«Tout à vous, Анри Жерар».
В течение двух дней он не получал ответа на это письмо, и ему не довелось в этот промежуток времени встретить князя в обществе, хотя он слышал о нем от де Фронтиньяна и других; но на третий день ему принесли следующую записку:
«Mon cher ami: Нет вопроса о триумфе, так же как нет и об обмане. Я заеду за вами сегодня вечером в половине десятого. Вы должны помнить свое обещание довериться мне полностью».
«Cordialement à vous, Померанцев».
Итак, дело было устроено, и он, аббат Жерар, известный проповедник знаменитой церкви, должен был встретить в ту же ночь, по специальной договоренности, в половине десятого, Князя Тьмы; и это в январе, в Париже — в разгар сезона в столице цивилизации. Как можно легко представить, в течение остатка этого знаменательного дня, до часа прибытия князя, аббат не наслаждался своим обычным спокойствием. Секретарь турецкого посольства, который зашел в четыре, застал его за бурной дискуссией с одним из Ротшильдов о вере ранних христиан в демонов, как показано Тертуллианом и другими, в то время как лорд Мидлсекс, который зашел в половине шестого, обнаружил, что он захватил Фора, усадил его за пианино и побуждал его напевать отрывки из «Дон Жуана». Когда настал час обеда, отдав приказания своему камердинеру никого не впускать, чтобы его не обнаружили не постящимся, он поспешно проглотил несколько кусочков, укрепил себя парой бокалов Шартреза верт и, закурив огромную «империал», ожидал прихода посланника Сатаны. Ровно в половине десятого князь прибыл. Он был в полном вечернем туалете (но вопреки своему обычному обычаю, не носил никаких украшений или лент в петлице), и его лицо было смертельно бледным.

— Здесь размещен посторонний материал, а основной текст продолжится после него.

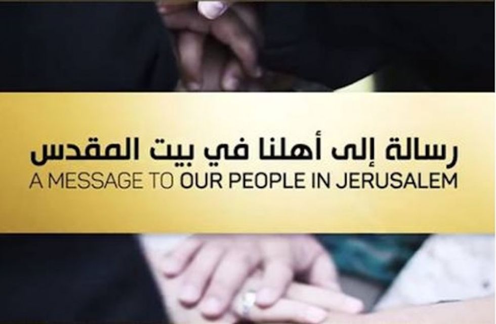 In the video, titled “A Message to Our People in Jerusalem," the Islamic State derides Hamas for “raising their children to respect this [Palestinian] flag,” Britain's Independent reported.
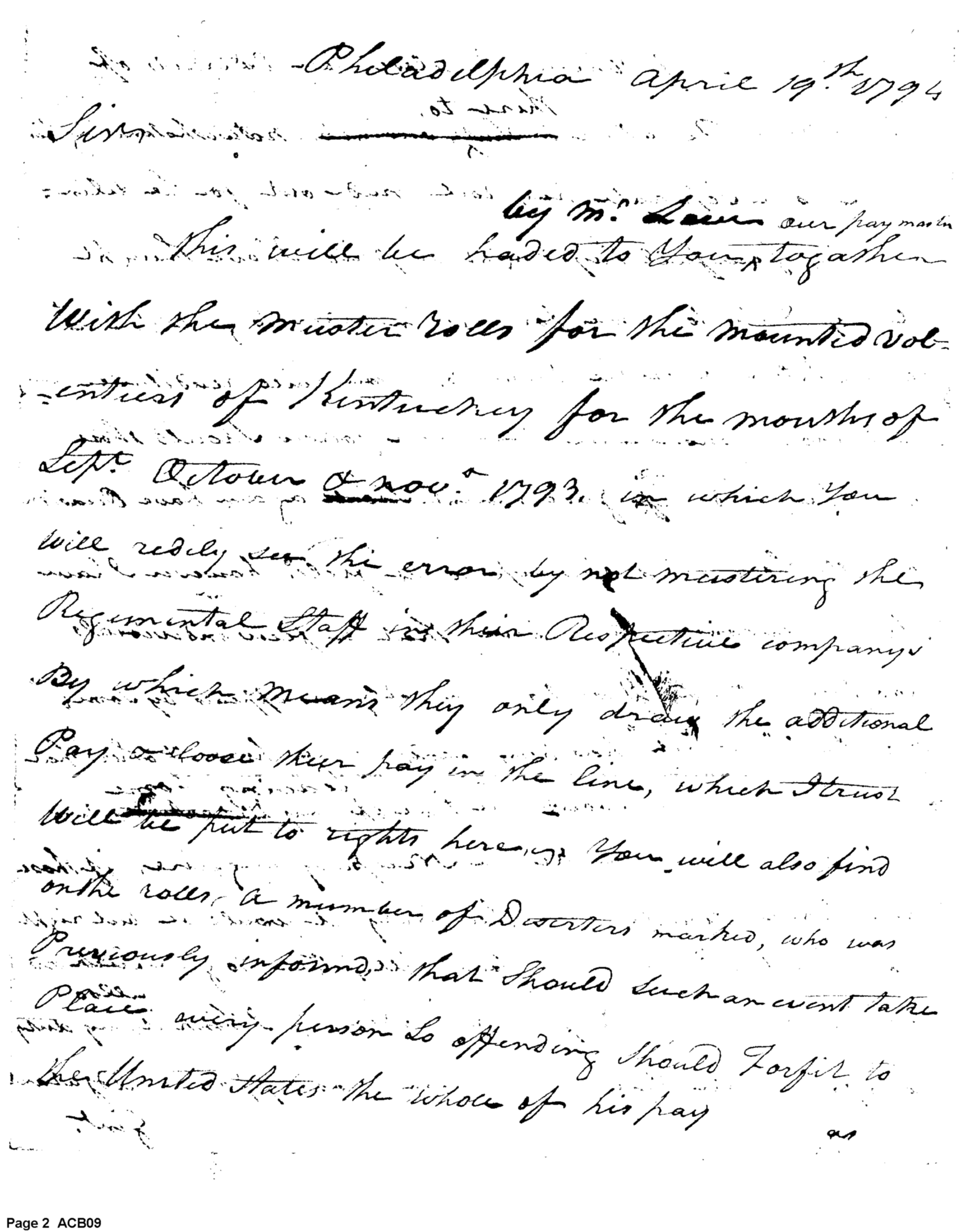 - Document: Deserter Forfeit Pay, Enclosed Muster Rolls for Mounted Volunteers of Kentucky

— Mon Dieu! — воскликнул аббат. — Что с вами, mon cher? Вы выглядите очень больным. Нам лучше отложить наш визит.
— Нет, это пустяки, — серьезно ответил князь. — Поедем без промедления. В делах такого рода ожидание невыносимо.

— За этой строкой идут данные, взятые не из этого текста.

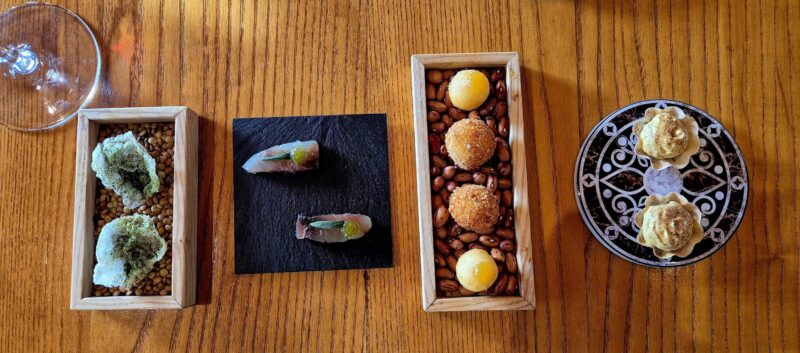Partiamo dall’entrèe: Cannoncino di pasta fillo ripieno di mousse di ricotta di bufala aromatizzata al limone; tartellette con pâté di olive e guanciale e peperoni in agrodolce e pecorino.

Аббат встал и позвонил, чтобы ему принесли шляпу и плащ. Внешний вид князя, его явное волнение и непритворное нетерпение, которое, казалось, граничило с ужасом, отнюдь не внушали спокойствия, но аббат поспешно подавил любые сомнения, которые могли у него возникнуть. Внезапно его осенила мысль; мысль, которая, безусловно, никогда не родилась бы в его мозгу, будь он в нормальном состоянии.
— Может быть, мне лучше переодеться и поехать en pékin? — тревожно спросил он.
Тень саркастической улыбки промелькнула на лице князя, когда он ответил:
— Нет, конечно, нет. Ваша soutane будет вполне уместна. Идемте, поедем.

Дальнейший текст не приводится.